Gosling, newly minted Oscars pop star and certified charm machine, is in peak comedy leading man form as Colt Seavers, a movie stunt veteran sidelined by an on-set injury that derailed his confidence. Jaded and hiding out in LA as a valet for a Mexican restaurant, Colt is reluctantly called back into action by big-time producer Gail (Hannah Waddingham) for the beleaguered Australian shoot of Metalstorm, a Comic-Con aiming sci-fi flick. The promise, and the problem, is that Metalstorm is directed by Jody (Blunt), the woman Colt loves and whom he shame-ghosted after his injury, leaving her hurt, confused and bitter.
The secondary problem is that Jody’s star and Colt’s longtime double, global action hero Tom Ryder (Aaron Taylor-Johnson), is suspiciously missing, threatening the studio to pull the plug on her debut film and lifelong dream. In an attempt to save her film, Colt searches for him in Sydney and, lo and behold, finds his stunt work transcending the boundaries of set as shady characters and intrigue abound. In other words, the action figure version of Ken.
Leitch, a stuntman for over 20 years (at one point doubling for Brad Pitt) guides the film with a clear affection for movie sets and expertise in the trade. The Fall Guy offers an enjoyable exhibit of the stunt staples: pyrotechnics, rigging, trained dogs, car chases, car crashes, dummy weapons, fight choreography and more, all seamlessly blended into the fun-dumb story or Metalstorm, a loving parody of Cowboys & Aliens and Dune. It’s both a celebration and send-up of movie-set tropes: the overweening, self-serving producer in Gail, the feckless movie star in Tom Ryder, the lovably competent stunt coordinator in Dan (Winston Duke), the scheming, tread-upon assistant in Alma Milan (Stephanie Hsu). Also, the use of split screens, story structure, Tom Cruise, even the fact that there still isn’t an Oscars category for best stunt work. (Perhaps one would honor Fall Guy stuntman Logan Holiday, who broke a Guinness World Record for number of cannon rolls in a car – 8.5 – while filming.)
It’s all a fizzy, funny, convincingly romantic delight, a tribute to the craft of making big movies with big stunts that is heartfelt in its appreciation without taking itself too seriously. As such, the mystery plot is thin and borderline outlandish even for this level of silly, used more as a pretext for a final act stunt bonanza that’s a chef’s kiss on the under-sung heroics of the job.
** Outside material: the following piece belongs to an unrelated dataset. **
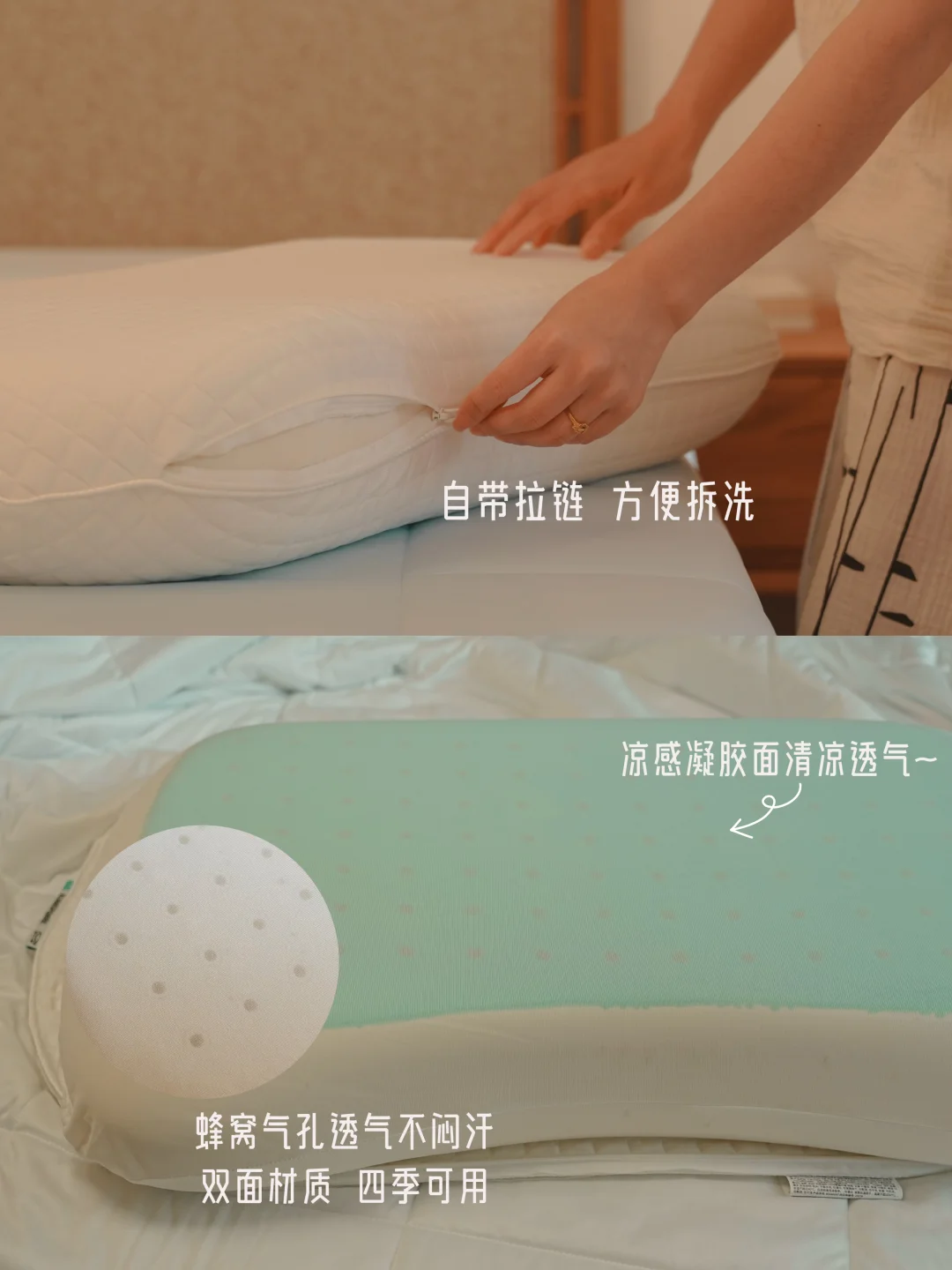 克鲁布斯珀勒护颈枕,完美贴合颈椎,仰睡、侧睡都舒服,容易落枕的姐妹一定要试这款,软而不塌,支撑力刚刚好!它一面是降温凝胶材质,另一面是减震海绵,夏天躺上去清凉透气,秋冬软糯又贴合,两种触感随心换,再也不怕换季换枕头麻烦了。

Still, Leitch has accomplished something rare in the realm of studio blockbusters: a big-budget film that caters, but does not pander, to its audience, that bets long on human labor, that leans into tongue-in-cheek humor without feeling sycophantic. (It helps that Gosling is surpassing Kenergy levels of comic precision.) The Fall Guy capably celebrates the sometimes literal heights reached on the big screen in the name of mass entertainment, and is right up there with the best of them.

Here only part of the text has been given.